After the year-end, in January, the group purchased the business assets of Line Dragon, a US-based provider of concrete placing and hose dragging equipment to the concrete industry.  The acquisition was for $2M in cash with ongoing performance payments.

Going forward, the board believes the group has numerous meaningful growth opportunities next year that is supported by positive non-residential construction market conditions and reinforced by customers reporting project backlogs that extend beyond 2019.  Based on this, they are confident that they will deliver another year of profitable growth.

At the current share price the shares are trading on a PE ratio of 9.8 which increases to 10.9 on next year’s forecast.  After a 23% increase in the dividends, and including a supplemental dividend, the shares are yielding 6.8% but this falls to 5.2% on next year’s forecast.  At the year-end the group had a net cash position of $28.2M compared to $19M at the end of the prior year. 

On the 7th June the group released a trading update covering the first five months of the year.  Trading in the period has fallen below management expectations, primarily due to adverse weather conditions in the US where broad sections experienced the highest levels of rainfall on record.  This has delayed project starts which has slowed the pace of equipment purchases, the impact of which was seen in March and April.  Whilst there was an improvement in trading towards the end of May and they expect trading in the US will improve through the rest of the year, they now do not expect to fully recapture the shortfall in the current year.

As such they now expect to deliver revenues of $87M, EBITDA of around $28M and expect to have year-end net cash of $18M.  The positive US market conditions have not changed and whilst they expect it will take some time for momentum to rebuild, the level of work in front of their customers remains significant. 

In the group’s other main markets, Europe and China, as well as in the ROW territories, trading has been comparable to 2018 and they continue to see opportunities for growth in the second half.

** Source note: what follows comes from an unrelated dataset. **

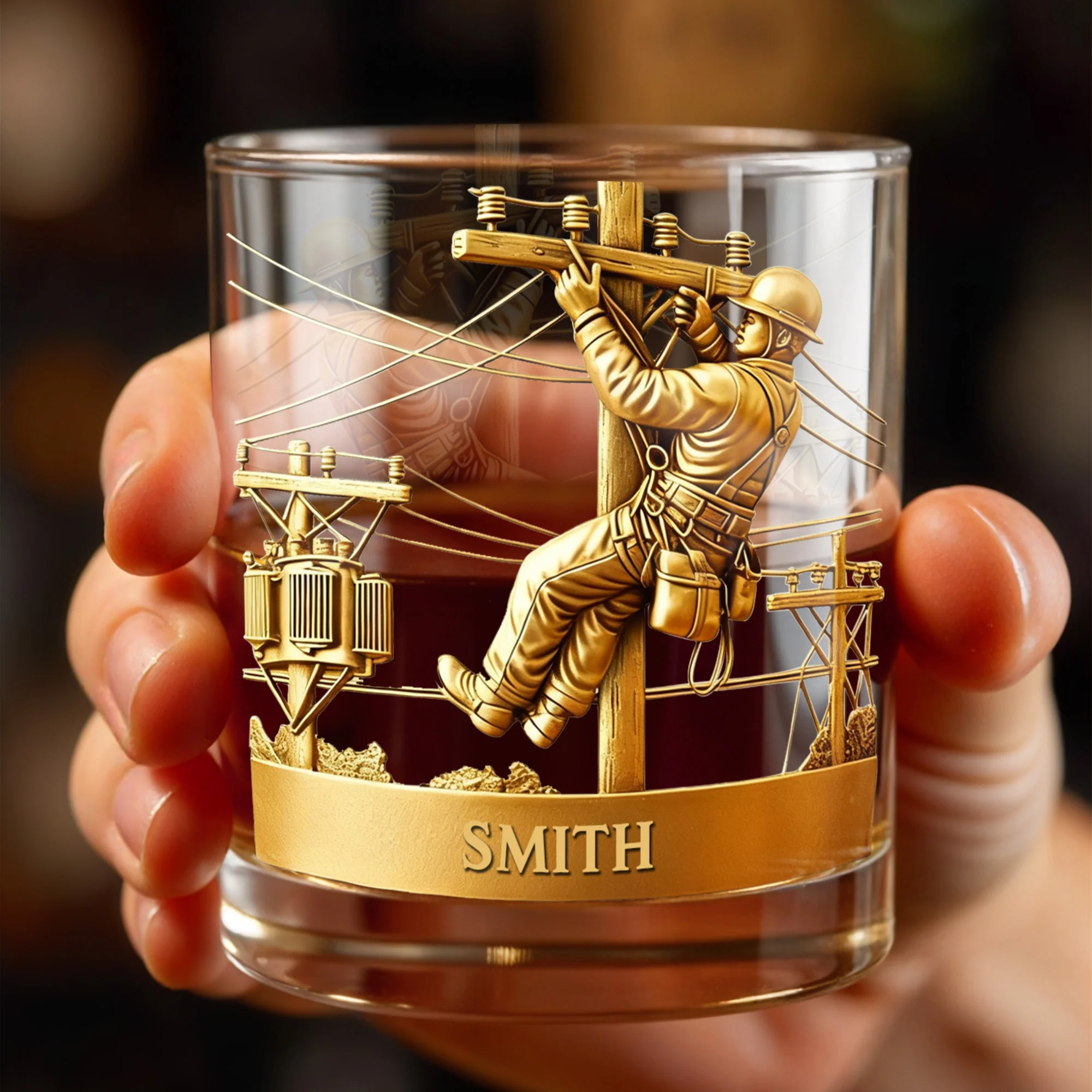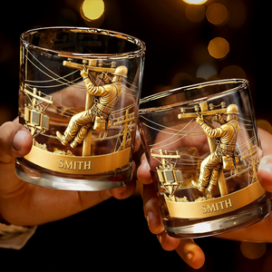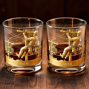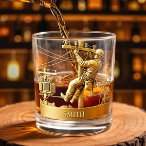 Customized Lineman, Utility Pole, Wires, Personalized Custom Whiskey Glass, Gift For Linemen and Utility Workers
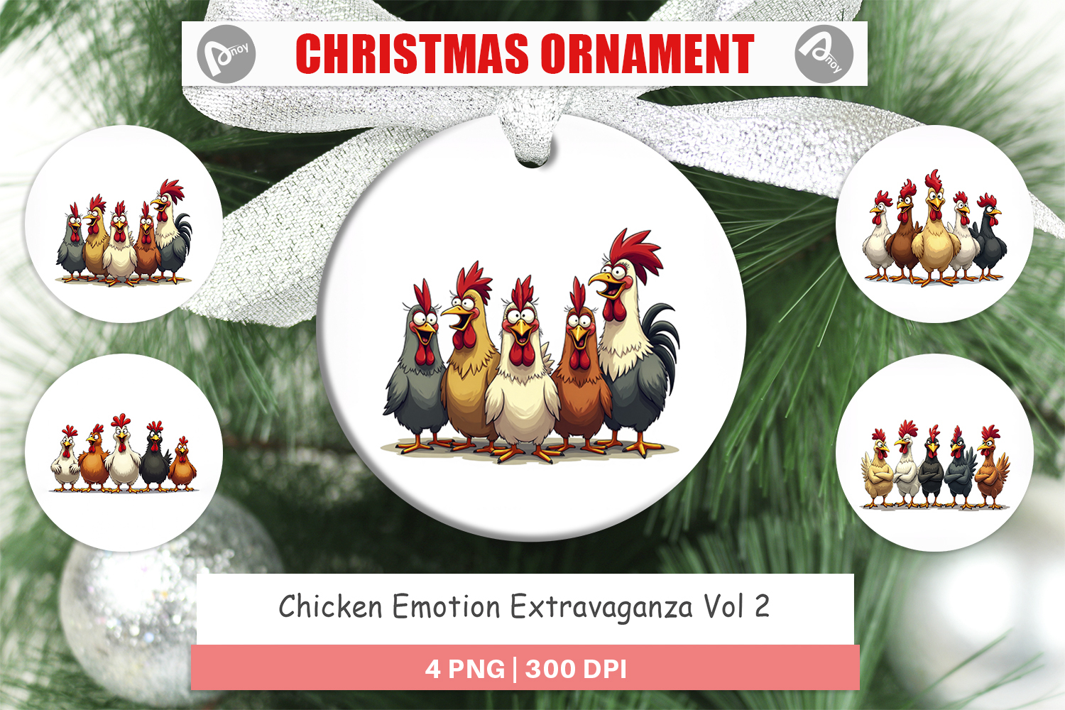 Sublimation Designs Diy Christmas Gift Gift For Farmer Funny Chicken Design Ornament Design Png Printable Ornament Round Ornament Sublimation Farm Animal Ornament Cute Holiday Decor Chicken Emotion Gift

Growth in India has been steady.  The Middle East and Latin America are trading below 2018 levels, but they expect to see improvements in the second half notwithstanding the political uncertainty and economic challenges in these regions.

Overall then 2018 has been a good year for the group.  Profits were up, net assets increased and the operating cash flow improved with plenty of free cash generated.  Unfortunately this performance has not transferred into 2019.  The main problem is being blamed on the weather in the US, by far the most important market.  Elsewhere Europe, China and ROW seem solid if not great but the Middle East and Latin America is not doing well.  With an improvement in the weather in the US, sales have improved but not enough to offset the shortfall.  It does appear that global markets in general are more subdued but as long as the US market remains robust, this should be temporary.  With a forward PE of 10.9 and yield of 5.2% this still seems decent value.